What the exercise asks
Restate word for word the section of the entries that opens at the line containing "Konstrukce stolu VALENCIA" and closes at the line containing "Sla, komkommer, sriracha", both lines kept, pictures dropped.

***** Dataset entries

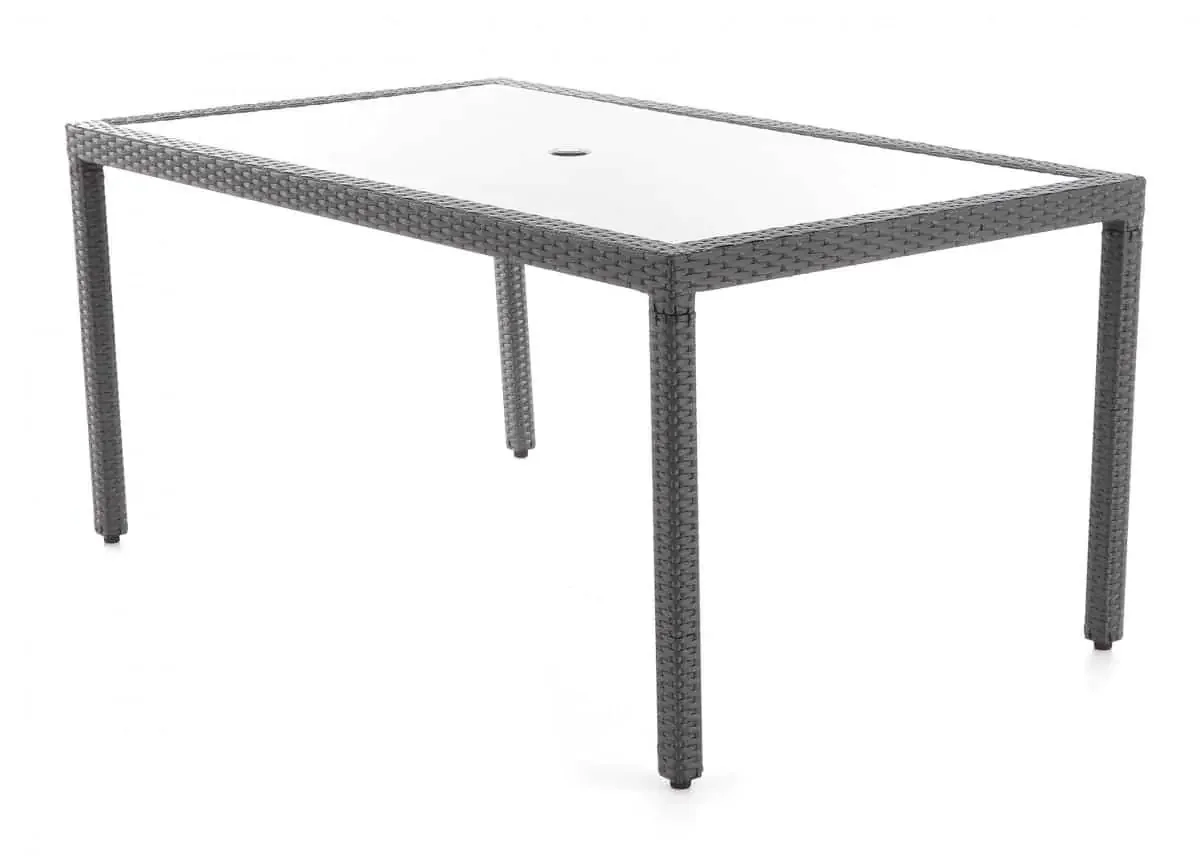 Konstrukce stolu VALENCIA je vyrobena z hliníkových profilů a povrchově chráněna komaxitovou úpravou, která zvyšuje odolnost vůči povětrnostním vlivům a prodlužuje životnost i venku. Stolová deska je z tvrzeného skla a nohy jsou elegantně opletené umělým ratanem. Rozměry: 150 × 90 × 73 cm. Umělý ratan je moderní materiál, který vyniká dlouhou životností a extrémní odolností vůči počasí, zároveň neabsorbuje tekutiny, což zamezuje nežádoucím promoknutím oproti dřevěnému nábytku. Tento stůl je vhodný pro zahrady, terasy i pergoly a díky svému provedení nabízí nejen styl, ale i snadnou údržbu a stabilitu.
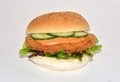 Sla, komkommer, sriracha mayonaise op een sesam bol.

**********
***** Dataset entries

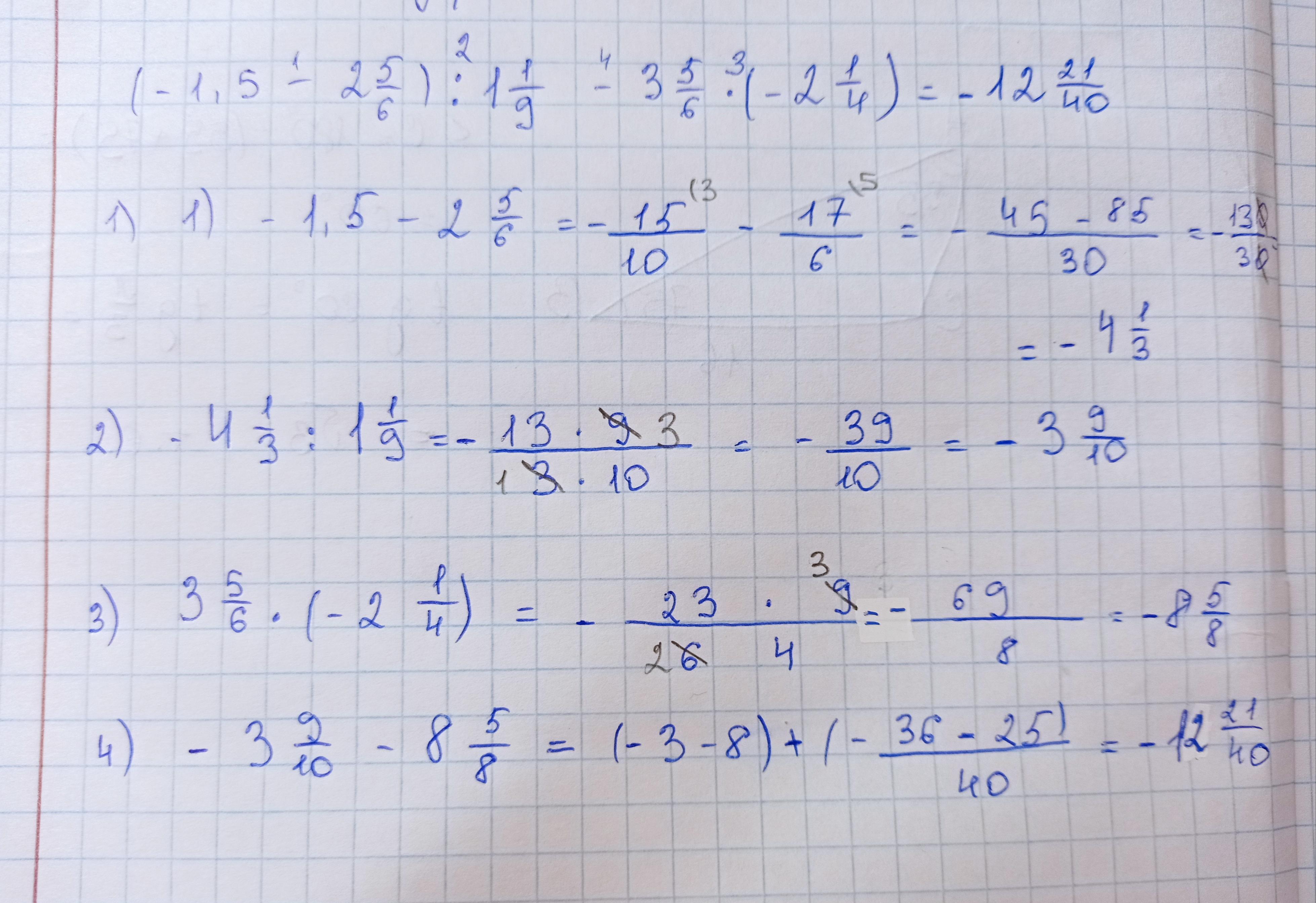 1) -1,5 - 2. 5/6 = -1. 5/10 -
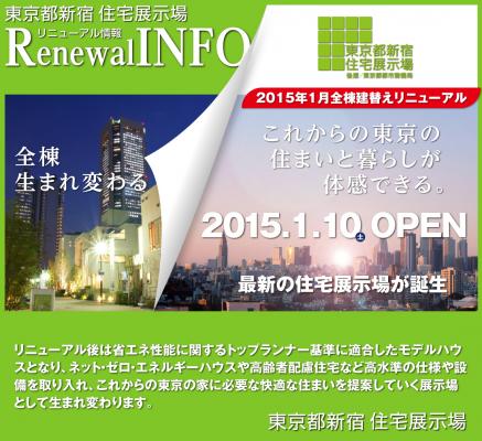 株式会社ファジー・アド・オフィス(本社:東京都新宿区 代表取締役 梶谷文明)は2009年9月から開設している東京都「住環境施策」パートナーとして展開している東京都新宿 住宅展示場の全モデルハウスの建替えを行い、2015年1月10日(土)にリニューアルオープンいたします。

**********

Output of the task
 Konstrukce stolu VALENCIA je vyrobena z hliníkových profilů a povrchově chráněna komaxitovou úpravou, která zvyšuje odolnost vůči povětrnostním vlivům a prodlužuje životnost i venku. Stolová deska je z tvrzeného skla a nohy jsou elegantně opletené umělým ratanem. Rozměry: 150 × 90 × 73 cm. Umělý ratan je moderní materiál, který vyniká dlouhou životností a extrémní odolností vůči počasí, zároveň neabsorbuje tekutiny, což zamezuje nežádoucím promoknutím oproti dřevěnému nábytku. Tento stůl je vhodný pro zahrady, terasy i pergoly a díky svému provedení nabízí nejen styl, ale i snadnou údržbu a stabilitu.
 Sla, komkommer, sriracha mayonaise op een sesam bol.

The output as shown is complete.